Abstract
Rationale: Neuroendocrine cell hyperplasia of infancy (NEHI) is a diffuse lung disease that presents in infancy and improves during childhood. Long-term outcomes have not previously been described. In one familial cohort, we have reported that NEHI is associated with a heterozygous variant of NKX2.1/TTF1.
Objectives: Our objective was to determine whether pulmonary abnormalities persist in adults with NEHI, to aid in elucidating the natural history of this disease.
Methods: Four adult relatives with heterozygous NKX2.1 mutation and with clinical histories compatible with NEHI enrolled in a prospective study that included questionnaires, pulmonary function tests, and chest computed tomography scans.
Measurements and Main Results: Mild radiologic abnormalities including mosaicism were seen in all four cases. Three individuals had obstruction on pulmonary function tests, two had marked air trapping, and three had symptomatic impairments with exercise intolerance.
Conclusions: Although clinical improvement occurs over time, NEHI may result in lifelong pulmonary abnormalities in some cases. Further studies are required to better describe the natural history of this disease and would be facilitated by additional delineation of genetic mechanisms to enable improved case identification.
Keywords: neuroendocrine cell hyperplasia of infancy, childhood interstitial lung disease, thyroid transcription factor-1
Neuroendocrine cell hyperplasia of infancy (NEHI) is a diffuse lung disease of childhood that typically presents in the first year of life. The common presenting features include tachypnea, retractions, hypoxemia, crackles, and failure to thrive (1–3). Affected individuals improve gradually during childhood years (2, 4), although continuation of symptoms well into childhood has been described (5). Furthermore, older children have been reported to experience exacerbations of NEHI symptoms even after their baseline symptoms improve (6). However, as the definitive report was published in 2005 (2), phenotypes and long-term outcomes in adults with NEHI have not previously been characterized.
Chest computerized tomography (CT) findings in infants with NEHI have been well described; relatively homogeneous ground-glass opacities are present centrally and in the right middle lobe and lingula without other parenchymal abnormalities (7). These imaging findings, in conjunction with an appropriate clinical context, are now considered sufficient for NEHI diagnosis, per American Thoracic Society clinical guidelines (8). Although these radiologic findings are believed to be specific for NEHI when observed and have been used to retrospectively identify cases (9), atypical imaging is present in some cases subsequently diagnosed by biopsy (7). Chest CT patterns in adults with NEHI have not been characterized to date.
Pulmonary function testing in affected infants demonstrates reduction in forced expiratory volume in 0.5 seconds and FVC, with marked air trapping (10, 11). There are no published data on pulmonary function testing patterns in adults with NEHI, and thus it is unclear if the pattern of air trapping continues throughout life. Likewise, although symptoms appear to improve throughout early childhood, ongoing symptoms in adulthood have not been described.
A heterozygous variant in the homeodomain of NKX2.1/TTF1 (c.572G>T, p.Arg191Leu) was previously identified in association with NEHI in one familial cohort (12).
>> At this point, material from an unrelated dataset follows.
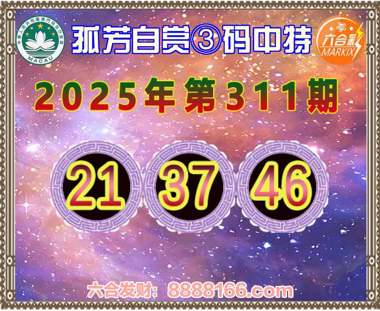 311期:《孤芳自赏》 🥽③码中特🥽【21.37.46】开:37准

Adults with this mutation in the familial cohort were evaluated for ongoing pulmonary manifestations to aid in elucidating the natural history of this disease.
Methods
This prospective study was designed to identify ongoing manifestations of NEHI in adults and was approved by the Institutional Review Board at Vanderbilt University (#131026). Eligibility was determined based on clinical history and/or genetic diagnosis of familial NEHI when available. Subjects provided written informed consent. Written and phone questionnaires, high-resolution inspiratory noncontrast chest CT scans, and pulmonary function tests were performed per American Thoracic Society criteria. Chest CT scans were reviewed by an adult chest radiologist (J.A.W.) with expertise in interstitial lung disease.
Results
A familial cohort (Figure 1) of four adult relatives and one infant with newly diagnosed NEHI were enrolled in this research study. The proband (Subject 1) was diagnosed with NEHI by clinical history, chest CT findings, and by lung biopsy in infancy (12). As previously reported, this individual was heterozygous for an NKX2.1 mutation, as were three adult relatives (Subjects 2–4) with a clinical history compatible with NEHI in infancy and early childhood, including pulmonary manifestations and failure to thrive (12). In addition, an infant in the family, the daughter of Subject 3 and granddaughter of Subject 4, has been subsequently diagnosed with NEHI. A description of her presentation is also reviewed below.
Figure 1.
Pedigree demonstrating neuroendocrine cell hyperplasia of infancy (NEHI) and lung disease in association with an NKX2.1 mutation. The proband (arrow) was diagnosed with NEHI on the basis of lung biopsy performed in infancy. Multiple other family members had pulmonary symptoms and failure to thrive as infants. The proband and other family members affected by the NKX2.1 missense mutation are identified in gray.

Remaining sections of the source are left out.